A C:OSI command looks like this:
curl -sSL https://onestep.circonus.com/install | bash \ -s -- \ --key ... \ --app ...
Just plug in the key and app values and run that command on a host. One step; that's it!
There's also a quick way in the Circonus GUI to copy the command you need with those key and app values plugged in. Just click the "Add Host +" button on either the host page or the default dashboard, and you can copy-and-past the C:OSI command from the dialog, with values for a new Host already plugged in:
Figure 1: Circonus GUI with C:OSI instructions exposed.
Or, you can get the key and app values from an existing API token:
- Log into Circonus API tokens. If you don't have any tokens, you'll need to add one by clicking the "New API Token +" button.
- Next to each token there is an information icon (i). Click this icon to expose the C:OSI command for that token.
Figure 2: API Tokens page with C:OSI instructions exposed
- Select and copy the C:OSI command from the dialog.
- Run the installer command on a host. You're done!
So what does C:OSI do? Without inhibiting customization and orchestration, a single cut-n-paste command does all of this in one step:
- It selects an agent.
- It installs the agent.
- It configures the agent to expose metrics.
- It starts the agent.
- It creates a check to retrieve and accept the metrics from the agent.
- It enables basic system metrics.
- It creates graphs for each of the basic metric groups. (E.g. cpu, memory, disk, network, file system, etc.)
- Optionally, it can also create a worksheet containing the basic graphs so there is a unified view of the specific host.

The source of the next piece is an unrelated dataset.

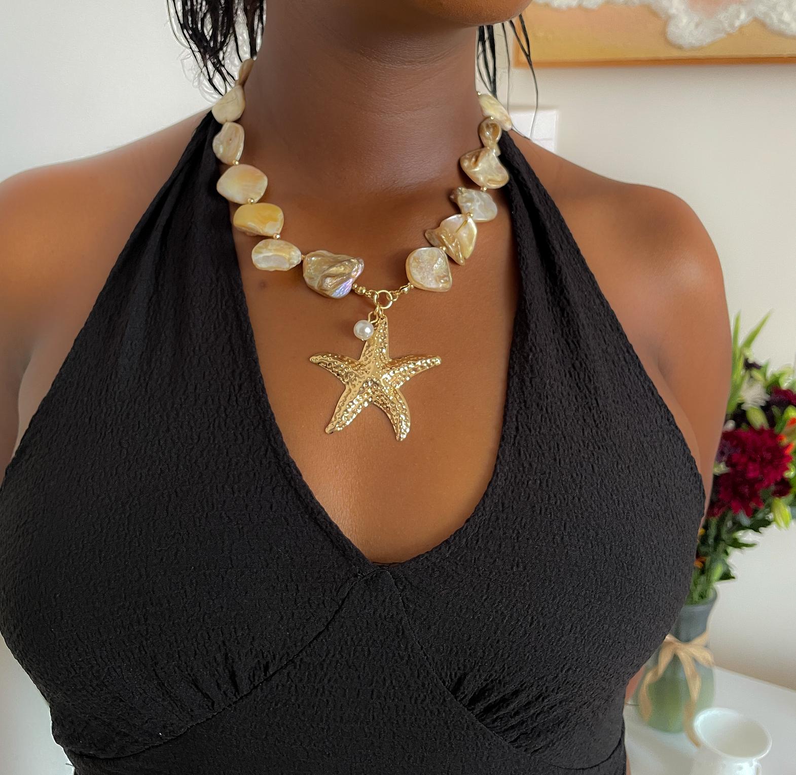 Sea shell necklace, starfish pendant necklace, summer necklace, boho bridal jewelry, shells necklace, holidays jewelry, necklace woman
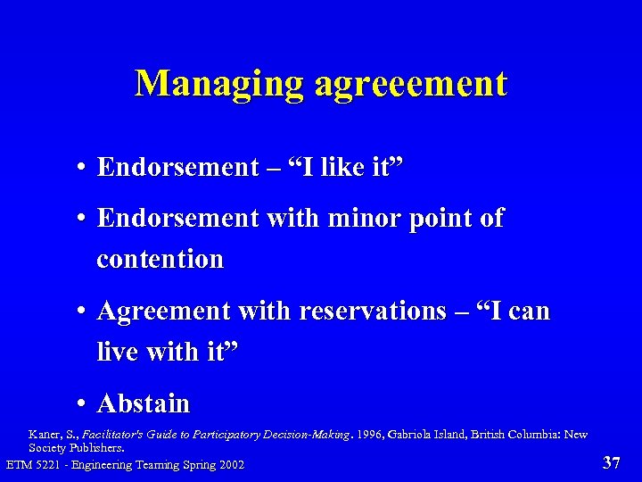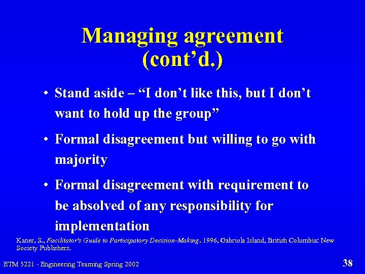 Managing agreeement • Endorsement – “I like it” • Endorsement with minor point of contention • Agreement with reservations – “I can live with it” • Abstain Kaner, S. , Facilitator's Guide to Participatory Decision-Making. 1996, Gabriola Island, British Columbia: New Society Publishers. ETM 5221 - Engineering Teaming Spring 2002 37

The source code for the C:OSI installer and other utilities are available on the Circonus Labs public Github repo, where you can view additional information about C:OSI, how it works, and customization options such as:
-
Command line options - to change the default configurations installed by C:OSI.
- Installer Options - to set environment-wide options that change C:OSI's default behavior.
- Configuration templates - to change the way C:OSI sets up default metrics, graphs, and worksheets.
- Registration options - to override defaults and provide custom data to be used in configuration templates.
- Installation hooks - to perform custom actions before or after NAD installation.